The advantages and disadvantages of operator overloading can be summarized as follows:

Advantages: it is simple to implement and only requires the language to provide polymorphic features and capabilities

Disadvantages:

- It is necessary to explicitly construct tape data structure and read-write operations on tape. The introduction of these additional data structures and operations is not conducive to the implementation of high-order differentiation
- For some control flow expressions such as if and while, it is usually difficult to define differential rules through operator overloading. The processing of these operations will degenerate into the encapsulation of specific functions in basic expression methods, and the language native control flow expression cannot be used

### Code transformation method

Take the automatic differential library tangent [5] developed by Shtof et al. On python language in 2013 as an example. At runtime, the automatic differentiation library analyzes and obtains the AST expression of python program. Then, the decomposition and differentiation of basic expressions are completed based on AST, and then the dependencies between basic expressions are obtained by traversing AST, so as to complete automatic differentiation by using chain rule.

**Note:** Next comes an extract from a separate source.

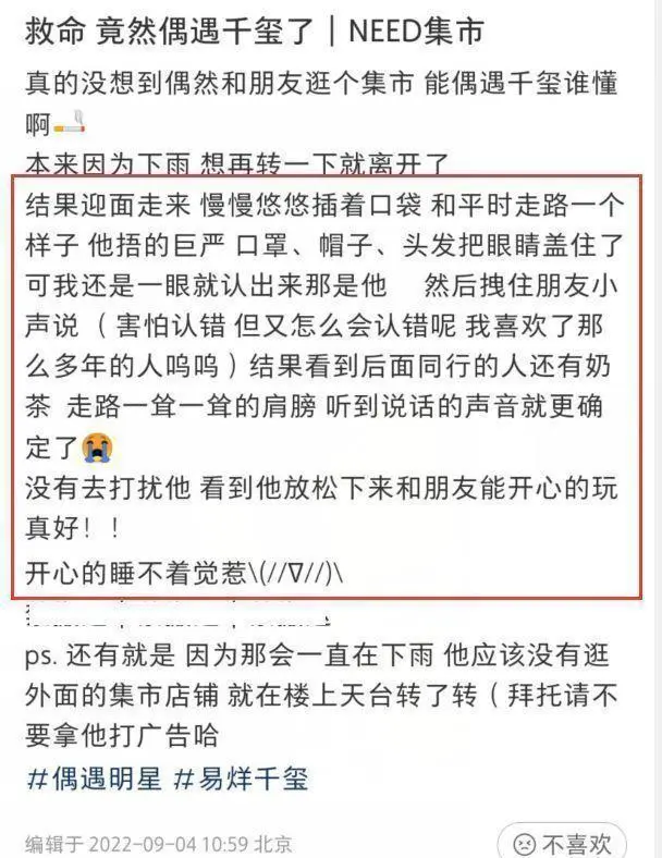 易烊千玺逛集市被偶遇 穿着黑色帽衫拍照打扮休闲低调 全文约69字, 阅读需要1分钟 4日,有网友称在逛集市时偶遇易烊千玺。当天,易烊千玺身穿黑色卫衣,搭配迷彩裤,脚踩高帮鞋,戴着口罩,整个人打扮得相当低调。期间,易烊千玺不断拍照等,还和友人聊天。 4日,有网友称在逛集市时偶遇易烊千玺。当天,易烊千玺身穿黑色卫衣,搭配迷彩裤,脚踩高帮鞋,戴着口罩,整个人打扮得相当低调。期间,易烊千玺不断拍照等,还和友人聊天。 相关人物
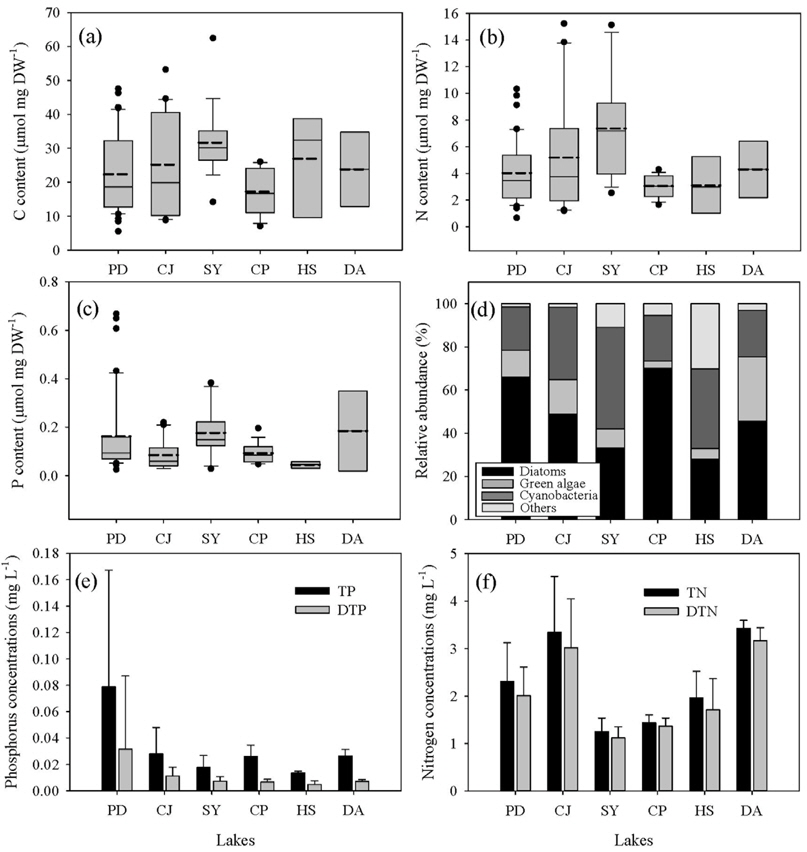 μmol C mg DW−1) 청평호가 가장 낮았으며(17.2±6.9 μmol C mg DW−1), 질소함량도 소양호가 가장 높았고(7.4±3.7 μmol N mg DW−1), 청평호와 횡성호가 낮았다(3.1±0.8, 3.1±2.1 μmol N mg DW−1). 인함량은 0.04~0.18 μmol P mg DW−1로 호수별로 큰 차이를 보이지 않았으며 도암호를 제외하면 각 호수에서 변동폭도 크지 않았다(Fig. 1(a), (b), (c)).

# Functions that need to be differentiated def f(x): return x * x # Differential result function obtained by code transformation def dfdx(x, by=1.0): _bx = tangent.unbroadcast(by * x, x) _bx2 = tangent.unbroadcast(by * x, x) bx = _bx bx = tangent.add_grad(bx, _bx2) return bx

The advantages and disadvantages of code transformation method can be summarized as follows:

advantage:

- Support more data types (native data types and user-defined data types) and native language operations (basic mathematical operation operations and control flow operations)
- There is no additional tape data structure and tape read-write operation, which is conducive to the realization of high-order differentiation
- The differential result exists in the form of code, which is conducive to debugging

Disadvantages:

- The implementation is complex and requires a preprocessor, compiler or interpreter to extend the language
- It supports more data types and operations. Although the user has a higher degree of freedom, it is easier to write unsupported codes, resulting in errors. A stronger check alarm system is required

## Microprogrammable

With the evolution of automatic differentiation technology and its wide application in scientific computing, artificial intelligence and other fields, the industry has gradually developed the concept of microprogrammable [6]. In microprogramming, a key idea is to deeply integrate automatic differentiation technology with tool chains such as language design, compiler / interpreter and even IDE, and take differentiation as the first-class feature in the language, so as to improve programming ease of use, performance and security:

- More language native features can be used, including various control flow expressions and more complex features such as OO
- Users can customize differentiation rules more freely to perform performance tuning or support "differentiation" of traditional non differentiable data types and operations
- It supports high-order differential and some corresponding performance optimization algorithms
- The compiler / interpreter provides a perfect check alarm system to identify and alarm codes that do not comply with the automatic differentiation rules of the current system
- Provide better automatic differential debugging capability, such as intermediate gradient value output, single-step debugging, etc

Next, we will take Swift for TensorFlow as an example to introduce the exploration and evolution of the above aspects in the industry.

### Swift for TensorFlow

Swift for TensorFlow [7] is an open source project launched by Google in 2018. It aims to combine swift language and TensorFlow to build a next-generation machine learning development platform. One of the biggest highlights of the project is that the extension in swift language provides the native automatic differentiation feature. Unfortunately, the project was declared obsolete in 2021, but its work on native automatic differentiation of language will move into Swift's official community and continue to evolve.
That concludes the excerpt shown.